"Oh yes, miss, but please, miss, with your permission I'd prefer you called me Hopkins. I wouldn't like it to be said I was going against her ladyship's wishes in private."

"Well, I like Amanda," persisted Jasmine obstinately.

"Yes, miss, and it's very kind of you to say so, I'm sure, and it would have pleased my mother very much. But her ladyship particularly passed the remark that she had a norrer of fancy names, so perhaps you'd be kind enough to call me Hopkins."

"All right," agreed Jasmine, who, having only just arrived at Strathspey House, found it hard to sympathize with such servility. "But look here, the washing-stand's all covered with chips and nails. What shall I do?"

A moral struggle took place in Hopkins' breast, a struggle between the consciousness that dinner must inevitably be ready in five minutes and the consciousness that she ought to show Miss Grant where the bathroom was. In the end cleanliness defeated godliness—for punctuality was the god of Strathspey House—and she proposed a bath.

"Oh, can I have a bath?" cried Jasmine. "How splendid! But you are sure that you can spare the water? Oh, of course, I forgot. This isn't Sirene, is it?"

"No, miss," the housemaid agreed doubtfully. After seeing Jasmine's room security of location had somehow come to mean less to Hopkins; in fact she said, when she got back to the kitchen: "I give you my word, cook, I didn't know where I was."
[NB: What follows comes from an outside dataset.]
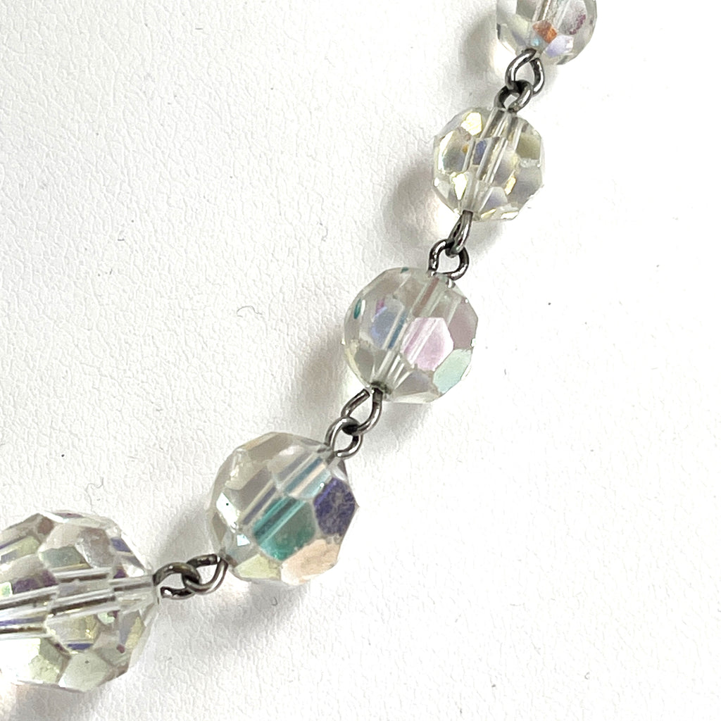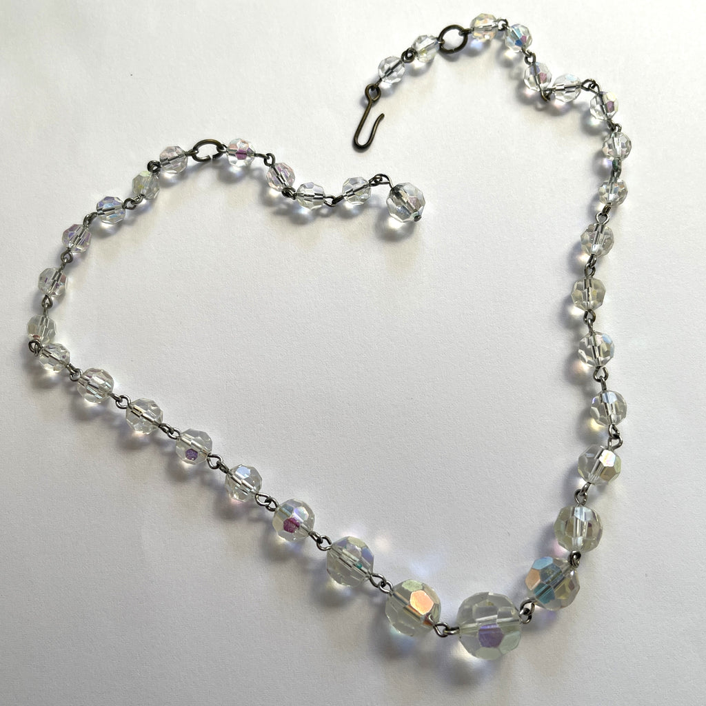 During the 1950's the clear faceted crystal beads were the go to accessory as they go with any outfit at all. This is a lovely single strand each clear crystal glass with aurora borealis finish that catches the light to reflect a rainbow of colours. Graduating from the largest crystal in the front length end to end is 42cms with a plain hook clasp at the end. In very good condition, each crystal wired to the next. Gift boxed by Vintageonline.

It was a wonderful bath, and while Sir Hector downstairs kept taking his watch out of his pocket—with every passing minute it slid out more easily—Jasmine spent a quarter of an hour in delicious oblivion. At the end of it, Pamela came tapping at the door to tell her that dinner was ready, if she was. Jasmine was so full of water-warmed feelings that she leaped out of the bath, flung open the door, and all dripping wet and naked as she was assured her cousin that she herself was just ready.

"Is the island of Sirene inhabited by savages?" asked Pamela superciliously when she brought back news to the anxious dining-room.

This was considered a witty remark. Even Lettice smiled, for she already despised her cousin more than she hated her sister.